## Exercise
Lines to restate from the data below: from the one containing "холодильник, электрочайник, кофемашина);" to the one containing "Dámska taška cez", both included. Give them again exactly, and only them.

## Data for this exercise
========

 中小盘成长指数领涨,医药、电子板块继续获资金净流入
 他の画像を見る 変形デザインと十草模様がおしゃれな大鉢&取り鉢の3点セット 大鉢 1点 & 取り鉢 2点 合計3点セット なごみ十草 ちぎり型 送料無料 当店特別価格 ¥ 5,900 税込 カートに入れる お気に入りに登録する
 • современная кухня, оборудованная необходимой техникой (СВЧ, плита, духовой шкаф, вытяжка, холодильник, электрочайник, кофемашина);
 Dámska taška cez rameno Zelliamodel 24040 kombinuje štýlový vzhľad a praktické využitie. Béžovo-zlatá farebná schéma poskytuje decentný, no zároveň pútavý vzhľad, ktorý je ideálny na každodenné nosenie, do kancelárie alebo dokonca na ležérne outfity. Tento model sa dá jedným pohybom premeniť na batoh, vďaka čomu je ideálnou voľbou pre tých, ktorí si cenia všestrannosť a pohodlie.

========

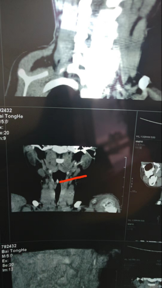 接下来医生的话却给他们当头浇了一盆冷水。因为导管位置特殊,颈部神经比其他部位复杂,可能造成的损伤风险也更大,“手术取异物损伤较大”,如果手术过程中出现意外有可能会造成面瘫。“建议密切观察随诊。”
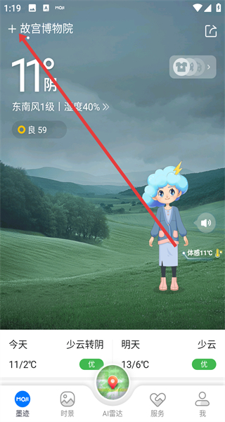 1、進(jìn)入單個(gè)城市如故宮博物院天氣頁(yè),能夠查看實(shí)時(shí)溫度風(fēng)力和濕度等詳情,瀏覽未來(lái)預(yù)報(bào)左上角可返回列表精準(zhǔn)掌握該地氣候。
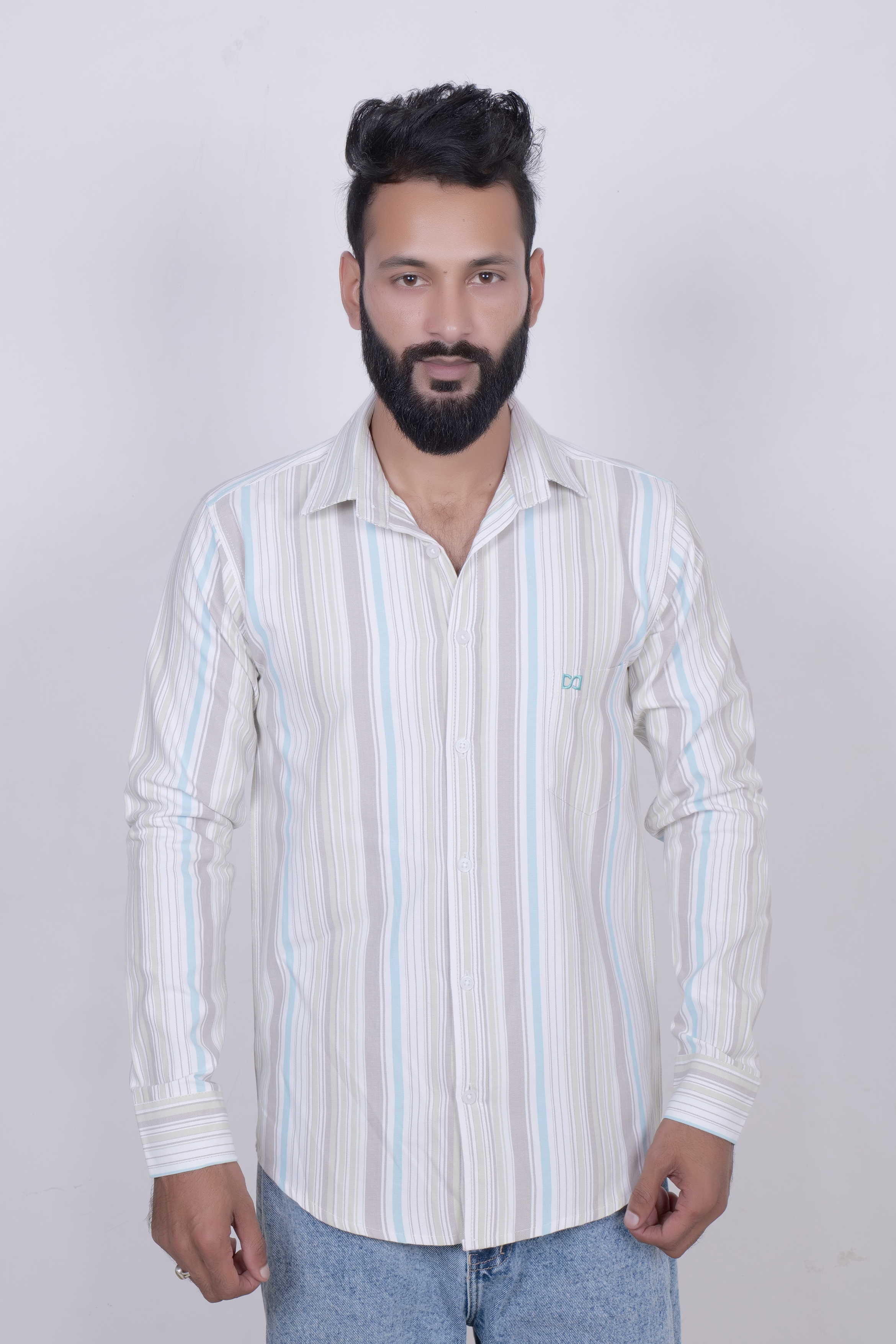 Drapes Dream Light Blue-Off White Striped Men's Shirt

========

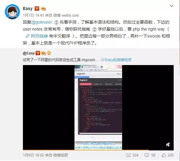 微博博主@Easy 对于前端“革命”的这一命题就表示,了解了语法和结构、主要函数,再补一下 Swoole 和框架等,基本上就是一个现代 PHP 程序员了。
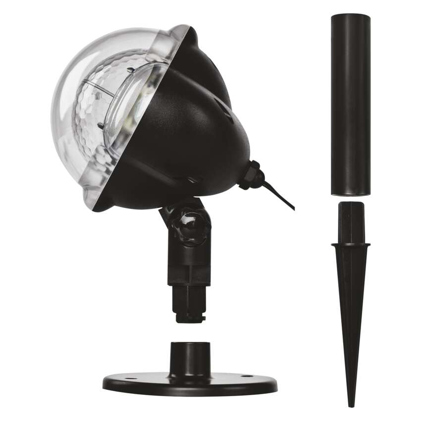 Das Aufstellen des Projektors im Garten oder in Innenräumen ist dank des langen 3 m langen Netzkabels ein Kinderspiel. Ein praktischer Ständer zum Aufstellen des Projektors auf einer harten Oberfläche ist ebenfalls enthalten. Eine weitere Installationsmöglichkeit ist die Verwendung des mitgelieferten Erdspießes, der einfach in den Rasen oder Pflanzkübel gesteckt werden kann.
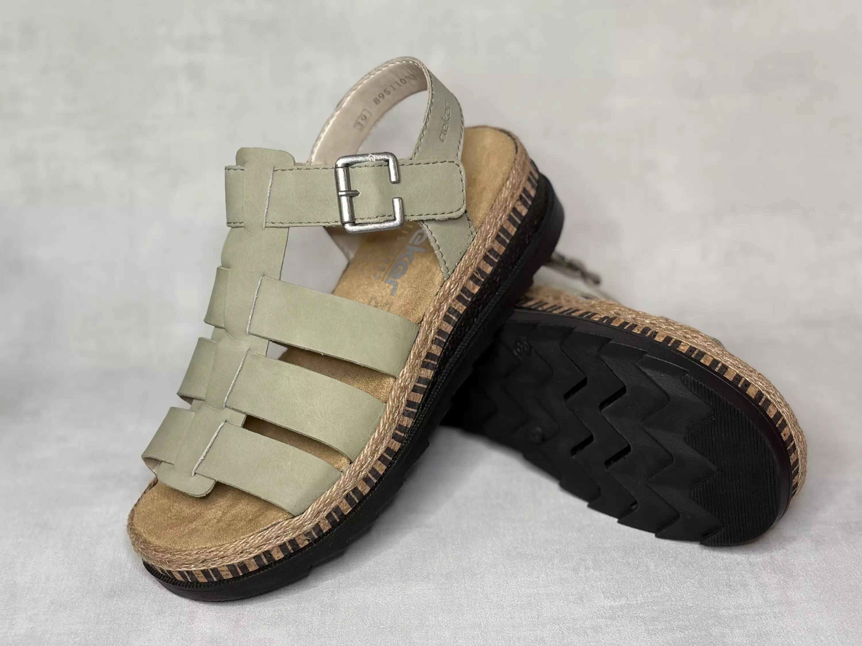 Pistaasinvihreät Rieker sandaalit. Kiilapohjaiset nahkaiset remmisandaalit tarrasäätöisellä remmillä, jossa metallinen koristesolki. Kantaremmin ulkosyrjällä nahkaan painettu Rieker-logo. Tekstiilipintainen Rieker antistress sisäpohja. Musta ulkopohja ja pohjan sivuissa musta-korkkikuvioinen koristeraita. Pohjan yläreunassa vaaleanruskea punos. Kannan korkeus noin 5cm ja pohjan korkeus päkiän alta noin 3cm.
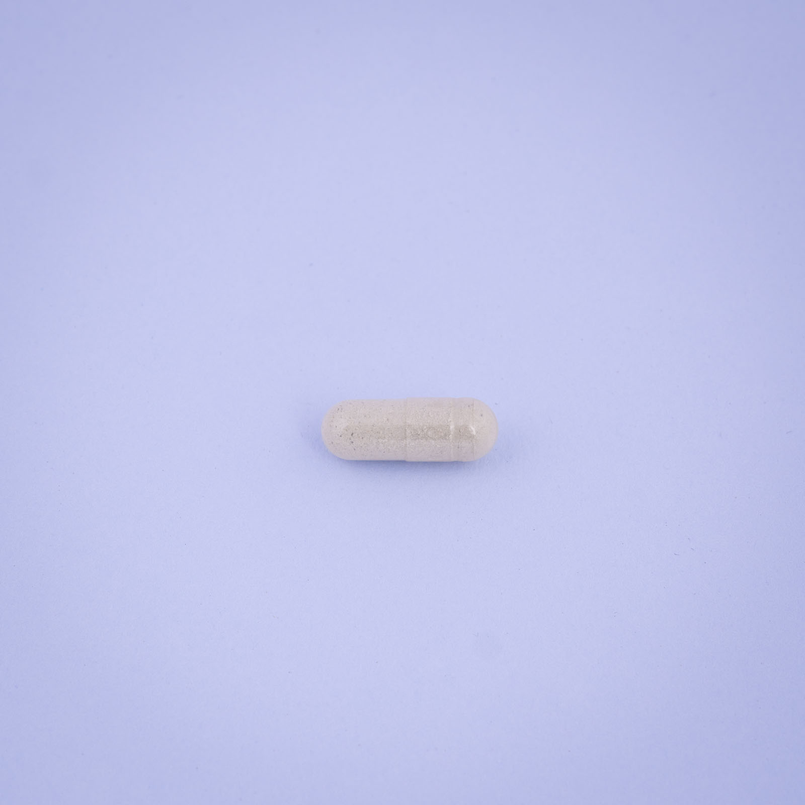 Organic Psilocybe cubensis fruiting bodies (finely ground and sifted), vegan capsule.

========

## Solution
 • современная кухня, оборудованная необходимой техникой (СВЧ, плита, духовой шкаф, вытяжка, холодильник, электрочайник, кофемашина);
 Dámska taška cez rameno Zelliamodel 24040 kombinuje štýlový vzhľad a praktické využitie. Béžovo-zlatá farebná schéma poskytuje decentný, no zároveň pútavý vzhľad, ktorý je ideálny na každodenné nosenie, do kancelárie alebo dokonca na ležérne outfity. Tento model sa dá jedným pohybom premeniť na batoh, vďaka čomu je ideálnou voľbou pre tých, ktorí si cenia všestrannosť a pohodlie.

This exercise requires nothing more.